Helicopters to determine which eagle nests are active near new Northern Regional Prison site
By Patrick Gee
23 October 2020
A helicopter has been used to assess whether a wedge-tailed eagle nest on a property bordering the government's Northern Regional Prison site is actively used.
Environmentalists and those opposing the 275 bed development at the informal Crown reserve at Brushy Rivulet have touted the presence of the nest as a key indicator of the conservation value of the area when arguing for drilling work to cease and the development to be moved.
A Department of Primary Industries, Parks, Water and Environment spokesman said the Forest Practices Authority carried out nest checks in Northern Tasmania, including in the Westbury area, on behalf of the forestry industry on Tuesday.
The findings have not yet been revealed but a resident reported seeing an eagle circling above the helicopter.

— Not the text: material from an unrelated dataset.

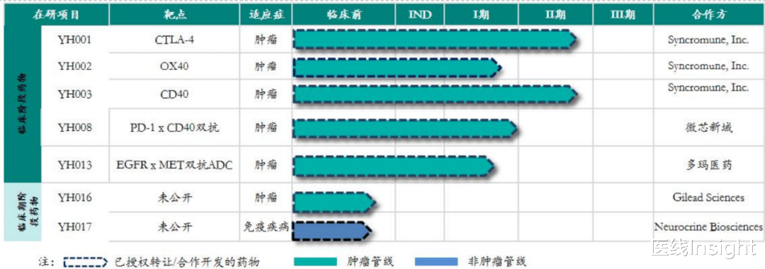 打开其合作名单,几乎是一条打通顶级跨国药企的生态链:公司已与德国默克、吉利德科学(就管线YH016达成独家选择权及授权)、强生、Neurocrine Biosciences(就管线YH017达成独家选择权及授权)等海外巨头达成了深度合作。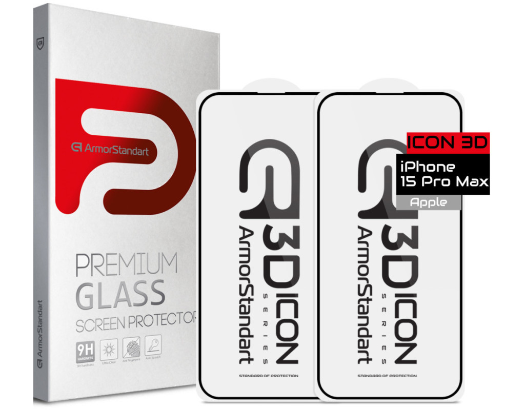 Скло захисне Armorstandart Icon 3D iPhone 15 Pro Max Black 2pcs (ARM74271)

"This annual process involves the use of a helicopter to allow visual inspection of known eagle nests," the spokesman said.
"The purpose is to establish if eagles are using the nest in the current season to lay eggs and raise chicks.
"The checks are undertaken by eagle experts in accordance with agreed protocols with DPIPWE that have been designed to minimise any risk to eagles and eagle breeding."
The spokesman said nest checks provide valuable information used to plan for the conservation of eagle species and was not initiated as part of the Northern Regional Prison project.
Drilling works for geotechnical core testing at the Northern Regional Prison site will occur periodically over the coming weeks.
The government has said the works will be done outside a 500m no disturbance zone around the nest and not within a 1km line of site from it, as per Forest Practices guidelines.
Owner and director of Bonorong Wildlife Sanctuary, Greg Irons, said the guidelines are not best practice and if the checks reveal chicks or eggs are present in the nest at the edge of the 70ha site, drilling should cease until the end of the breeding season.
"Eagles use the same nests for generations," he said.
"If eagle's have successfully bred there then there's a good reason for that.
"That means it's of good conservation value generally, and should be left alone."
Mr Irons said there were also Tasmanian devils at the site.
"If you want a site that definitely doesn't have any of these animals being affected, use a paddock."